A Comissão Interamericana tem sede em Washington, nos EUA, enquanto que a Corte é sediada em San José, na Costa Rica. Diferentemente da Corte, cuja jurisdição deve ser reconhecida pelos países signatários da Convenção Americana de Direitos Humanos, a Comissão possui competência de atuação frente a todos os Estados signatários da Convenção com relação à observância aos direitos nela previstos, bem como está disponível para acesso direto de indivíduos e instituições não-governamentais através de seu sistema de petições. Contudo, a Comissão é destinada apenas a receber as petições e as denúncias de violações de direitos humanos previstos na Convenção, limitando-se a analisar acerca da admissibilidade da queixa à Corte e emitindo resoluções sem força de sentença (BERNARDES; VENTURA, 2012).

A Corte Interamericana de Direitos Humanos, por seu turno, detém a função de julgar os casos remetidos pela Comissão, responsabilizando os Estados processados. A Corte é constituída por sete juízes nacionais de Estados-membros da OEA e possui também competência consultiva, editando pareceres, a requerimento de órgãos e países da OEA, acerca da interpretação de tratados interamericanos e da própria Convenção Americana de Direitos Humanos. Sua jurisdição, contudo, deve ser reconhecida pelos países membros para que seja declarada a responsabilidade do Estado pelo ato denunciado (ALGAYER; NOSCHANG, 2012).
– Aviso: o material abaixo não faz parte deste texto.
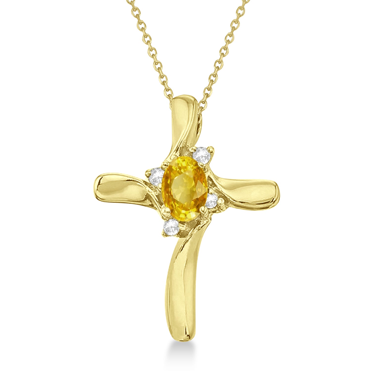 Lab Yellow Sapphire & Lab Diamond Cross Necklace Pendant 14k Yellow Go

A Corte Interamericana de Direitos Humanos representa um tipo de corte internacional semelhante ao que era a Corte Europeia de Direitos Humanos antes da edição do Protocolo n. 11, tendo em vista a existência do juízo de admissibilidade por meio da Comissão. No entanto, diferentemente da versão anterior CEDH, a Comissão Interamericana é apta a receber denúncias individuais de litigantes privados (ALTER, 2014).